• **What this task involves**
Go through the records below and set each one down exactly, leaving out any pictures.

• **Data extract**
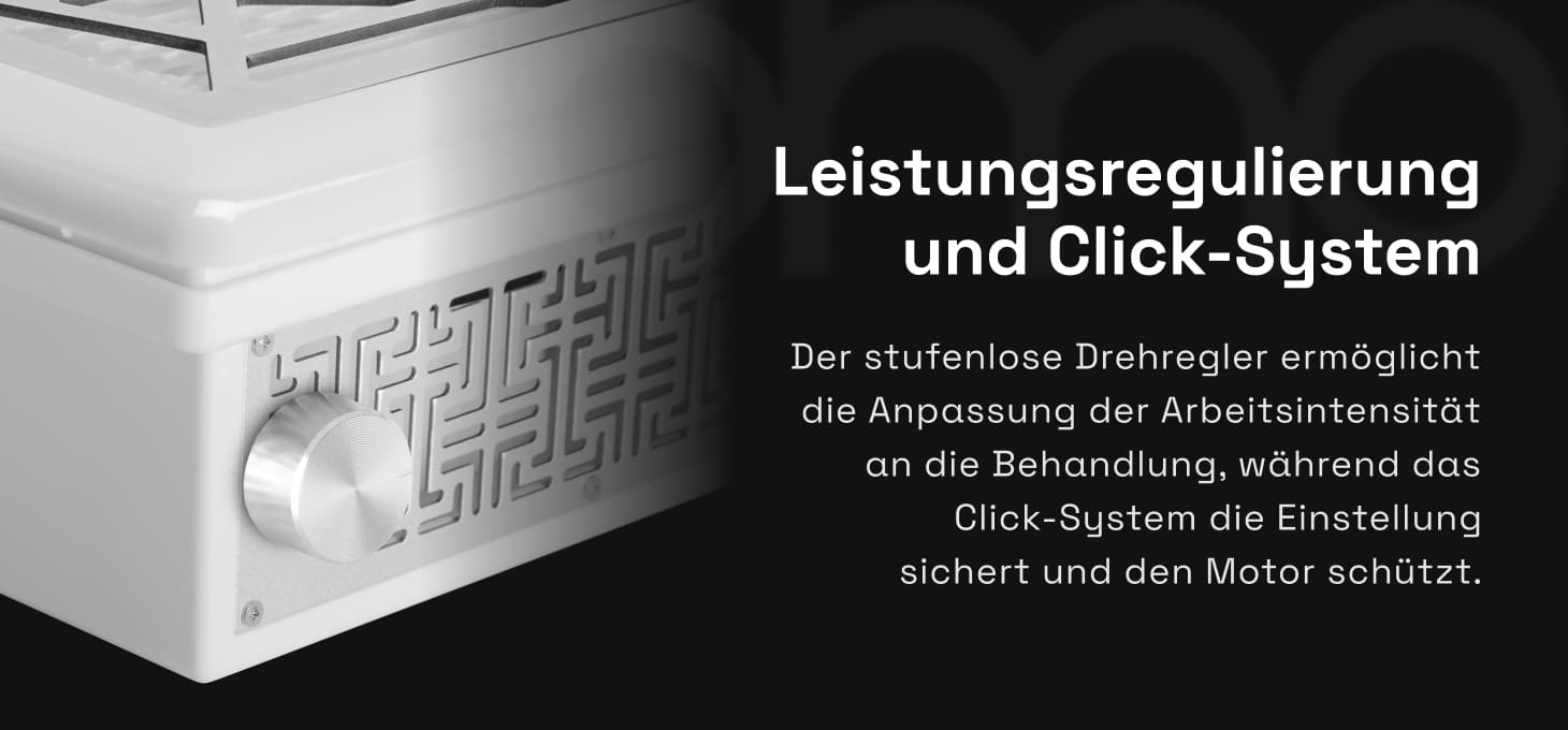Ein Drehregler erlaubt die stufenlose Leistungsanpassung. Das Click-System verhindert falsche Einstellungen und schützt den Motor vor Überlastung.
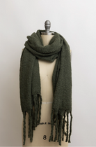 Wrap yourself in warmth and style with this Cozy Knit Scarf featuring a soft, thick knit construction and fashionable tassel fringe. Perfect for fall and winter, the olive hue adds a classic touch to any cold-weather outfit. This versatile accessory provides effortless layering and comfort for those chilly days.
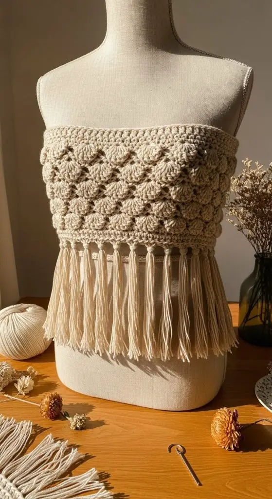 If you naturally gravitate toward breezy, slightly bohemian outfits, a tube top with fringe adds that carefree touch without looking over the top. The fringe draws the eye downward, creating a soft movement that feels beautiful during evening walks or outdoor events. It’s one of those designs that instantly gives a handmade outfit charm.
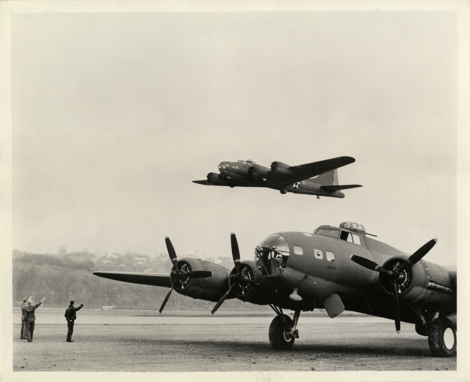 View of two Boeing B-17 Flying Fortress bombers. Three men stand on runway. Label on back: "A familiar sight at the Boeing Aircraft Co. in Seattle as a new Boeing B-17E Flying Fortress roars overhead on a delivery flight to an Air Forces base. The other Fortress in the foreground awaits a final check flight. Powered by four turbo-supercharged Wright engines, the B-17E boasts many refinements over earlier Flying Fortresses." Handwritten on back: " Aircraft in action."
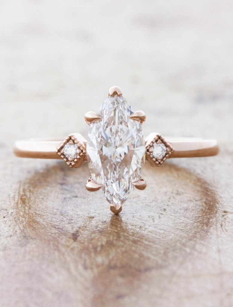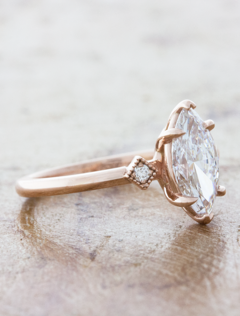 Bianca is a work of love and art. Her 14k rose gold setting oozes vintage flair that is hard to resist. She holds a bright 1.01ct D color VVS2 clarity marquise diamond in a vertical position that commands attention.  The marquise is nestled in between two white diamond accents that act as her companion much like her future partner will forever and ever.

• **Answer space**
Ein Drehregler erlaubt die stufenlose Leistungsanpassung. Das Click-System verhindert falsche Einstellungen und schützt den Motor vor Überlastung.
 Wrap yourself in warmth and style with this Cozy Knit Scarf featuring a soft, thick knit construction and fashionable tassel fringe. Perfect for fall and winter, the olive hue adds a classic touch to any cold-weather outfit. This versatile accessory provides effortless layering and comfort for those chilly days.
 If you naturally gravitate toward breezy, slightly bohemian outfits, a tube top with fringe adds that carefree touch without looking over the top. The fringe draws the eye downward, creating a soft movement that feels beautiful during evening walks or outdoor events. It’s one of those designs that instantly gives a handmade outfit charm.
 View of two Boeing B-17 Flying Fortress bombers. Three men stand on runway. Label on back: "A familiar sight at the Boeing Aircraft Co. in Seattle as a new Boeing B-17E Flying Fortress roars overhead on a delivery flight to an Air Forces base. The other Fortress in the foreground awaits a final check flight. Powered by four turbo-supercharged Wright engines, the B-17E boasts many refinements over earlier Flying Fortresses." Handwritten on back: " Aircraft in action."
 Bianca is a work of love and art. Her 14k rose gold setting oozes vintage flair that is hard to resist. She holds a bright 1.01ct D color VVS2 clarity marquise diamond in a vertical position that commands attention.  The marquise is nestled in between two white diamond accents that act as her companion much like her future partner will forever and ever.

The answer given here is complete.